Search and identification of relevant authors: In order to identify the set of authors relevant to our study (those who have published in Bibliometrics and have a public profile in GSC), several search strategies were used:

  1. Keywords: A search was conducted in the journals Scientometrics, Journal of Informetrics, Research Evaluation, Cybermetrics, and the ISSI conferences (International Conference on Scientometrics and Informetrics) with the goal of extracting the most frequently used and representative words in the discipline. The selected keywords were:
    • Altmetrics
    • Bibliometrics
    • Citation Analysis
    • Citation Count
    • H Index
    • Impact Factor
    • Informetrics
    • Patent Citation
    • Quantitative Studies of Science and Technology
    • Research Assessment
    • Research Evaluation
    • Research Policy
    • Science and Technology Policy
    • Science Evaluation
    • Science Policy
    • Science Studies
    • Scientometrics
    • Webometrics
    All public GSC profiles containing these keywords (GSC allows authors to display up to five keywords) were selected. In addition, the lack of normalization in the use of keywords sometimes forced us to search variants of these keywords. These variants included misspelled words, the same keywords in other languages, etc. As an example, these are all the variants we found of the keyword “bibliometrics”: bibliometric, bibliometría, bibliometria, bibliometric analysis, bibliometric methods, bibliometics, bibliometircs, bibliometric analysis in mining sciences, bibliometric mapping, bibliometric studies, bibliometric visualization, bibliometric., bibliometrics methodology, bibliometrics of social sciences and…, bibliometrics., bibliometrics..., bibliométrie, bibliometry.
  2. Institutional affiliation: the profiles associatied with research centers working on Bibliometrics were downloaded. As an example, the profiles with these verified e-mail domains were selected: cwts.leidenuniv.nl, cwts.nl
  3. Since there may be some authors working in this discipline who have created a public GSC profile, but who haven’t added significant keywords or filled the institution field in their profile, we also conducted a topic search on Google Scholar (using the same keywords as before), and a journal search (all the documents indexed in Google Scholar published in the journals Scientometrics, Journal of Informetrics, Research Evaluation, Cybermetrics, as well as the ISSI proceedings), with the aim of finding authors we might have missed with the previous two strategies. These searches returned roughly 15,000 documents. Additionally, these searches allowed us to find documents written by authors that don’t have a public GSC profile, but which are nonetheless extremely relevant to the discipline.

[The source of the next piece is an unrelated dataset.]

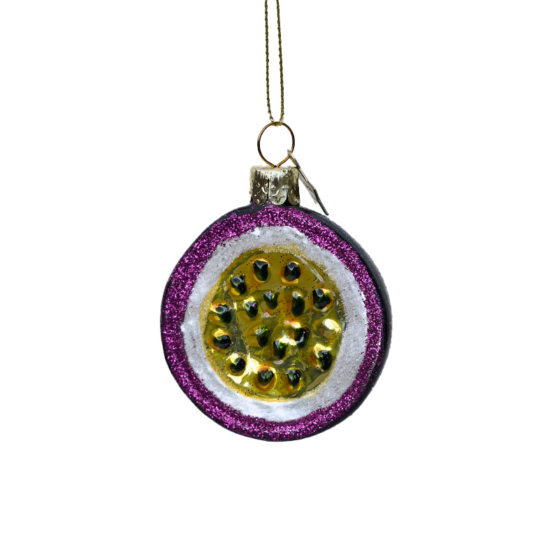 Passionsfrucht halbiert; violett mit gold und Glitzer, 7cm.

These searches were conducted on the 24th of July, 2015.

Since Google Scholar Citations gives the author complete control over how to set their profile (personal information, institutional affiliation, research interests, as well as their scientific production), a systematic manual revision was carried out in order to:

  • Detect false positives: authors whose scientific production doesn’t have anything to do with this discipline, even though they labeled themselves with one or more of the keywords associated with it.
  • Classify authors in two categories:
    • Core: those authors whose scientific production substantially falls within the field of Bibliometrics.
    • Related: those authors who have sporadically published bibliometric studies, or whose field of expertise is closely related to Scientometrics (social, political, and economic studies about science), and therefore they can’t be strictly considered bibliometricians.
    In order to set a limit between the two categories, we have decided to consider as core authors those who meet a certain criterion: at least half of the documents which contribute to their h index should be about Bibliometrics. We considered the titles of the documents, as well as the publishing channel where they appeared, focusing our attention in the journals. Our Bradford-like core of journals about Bibliometrics consisted of six journals (Scientometrics, Journal of Informetrics, JASIST, Research Evaluation, Research Policy, Cybermetrics), followed by other LIS journals which also publish numerous bibliometric studies (Journal of Information Science, Information Processing & Management, Journal of Documentation, College Research Libraries, Library Trends, Online Information Review, Revista Española de Documentación Científica, Aslib Proceedings, El Profesional de la Información) and lastly, journals devoted to social and political studies about science (Social Studies of Science, Science and Public Policy, Minerva, Journal of Health Services Research Policy, Technological Forecasting and Social Change, Science Technology Human Values, Environmental Science Policy, Current Science).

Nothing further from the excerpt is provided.